Ohana and Johnson cited all of these but Israel-Iran, in addition to Trump’s 20-point plan for Gaza, to prove the US president’s eligibility for the award. They included the 2020 Abraham Accords, which normalized relations between Israel and four Arab nations.

Since 2018, Trump has been nominated several times for the Nobel Peace Prize by individuals in the United States and politicians abroad, including for his part in brokering the Abraham Accords.

In his second term, he has made no secret of his desire for the prize, and various world leaders, foreign politicians, and international organizations have nominated him or declared him deserving of it, including both Prime Minister Benjamin Netanyahu and Opposition Leader Yair Lapid.

In July, shortly after Israel’s 12-day war with Iran, Netanyahu presented Trump with a letter nominating him for the honor.


Prime Minister Benjamin Netanyahu, right, hands US President Donald Trump a folder with a letter nominating Trump for the Nobel Peace Prize, during a meeting in the Blue Room of the White House, Washington, July 7, 2025. (Alex Brandon/AP)

When the Nobel committee, shortly after the US-brokered ceasefire in Gaza was reached in October, didn’t award it to him, Netanyahu joined the White House in assailing the judges for their decision, even though the prize was meant to honor accomplishments the previous year, not this one.

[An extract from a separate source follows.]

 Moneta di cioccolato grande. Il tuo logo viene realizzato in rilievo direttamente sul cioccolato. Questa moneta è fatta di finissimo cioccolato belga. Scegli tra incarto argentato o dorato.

The 2025 winner, Venezuela’s Machado, was not present to accept the award on Wednesday, the Nobel Institute announced just hours ahead of the ceremony. Machado, 58, lives in hiding and it was not known ahead of time whether she had managed to leave Venezuela. Her daughter Ana Corina Machado was set to appear at the ceremony instead, and to read a speech her mother had written.

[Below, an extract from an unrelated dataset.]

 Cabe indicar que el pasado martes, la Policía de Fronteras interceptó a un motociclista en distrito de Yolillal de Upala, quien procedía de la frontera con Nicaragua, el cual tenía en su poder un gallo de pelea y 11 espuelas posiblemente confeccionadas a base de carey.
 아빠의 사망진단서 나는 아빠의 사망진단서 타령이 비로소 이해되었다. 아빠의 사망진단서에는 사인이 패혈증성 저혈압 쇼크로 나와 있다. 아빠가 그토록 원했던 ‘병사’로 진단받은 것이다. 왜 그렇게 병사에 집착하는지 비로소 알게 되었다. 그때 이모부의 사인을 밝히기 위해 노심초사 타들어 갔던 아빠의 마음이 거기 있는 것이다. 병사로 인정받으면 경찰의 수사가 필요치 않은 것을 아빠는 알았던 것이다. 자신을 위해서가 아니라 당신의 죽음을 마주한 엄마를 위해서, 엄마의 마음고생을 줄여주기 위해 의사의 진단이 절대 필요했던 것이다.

Venezuelan opposition leader Maria Corina Machado addresses supporters at a protest against President Nicolas Maduro in Caracas, Venezuela, January 9, 2025, the day before his inauguration for a third term. (AP/Ariana Cubillos)

The US-brokered Gaza ceasefire deal — which also mandated the return of all Hamas’s remaining hostages in the Strip, living and dead — was signed in isolation, but was envisioned as part of a larger, 20-point plan to end the two-year-old war that started with Hamas’s October 7, 2023, attack on Israel.

The UN Security Council officially backed the US plan in November. Its second stage is supposed to include Hamas disarming, a technocratic Palestinian committee taking the reins of government in Gaza, and the IDF withdrawing as a multinational peacekeeping force takes its place. Hamas, however, has rebuffed calls to disarm, and it remains unclear whose troops will deploy to the Strip.

Additionally, the terror group continues to hold the body of one Israeli hostage – the whereabouts of which it purports not to know – and there have been regular attacks on Israeli troops, and subsequent Israeli airstrikes, as well as bouts of violence along the Gaza truce line, since the ceasefire went into effect.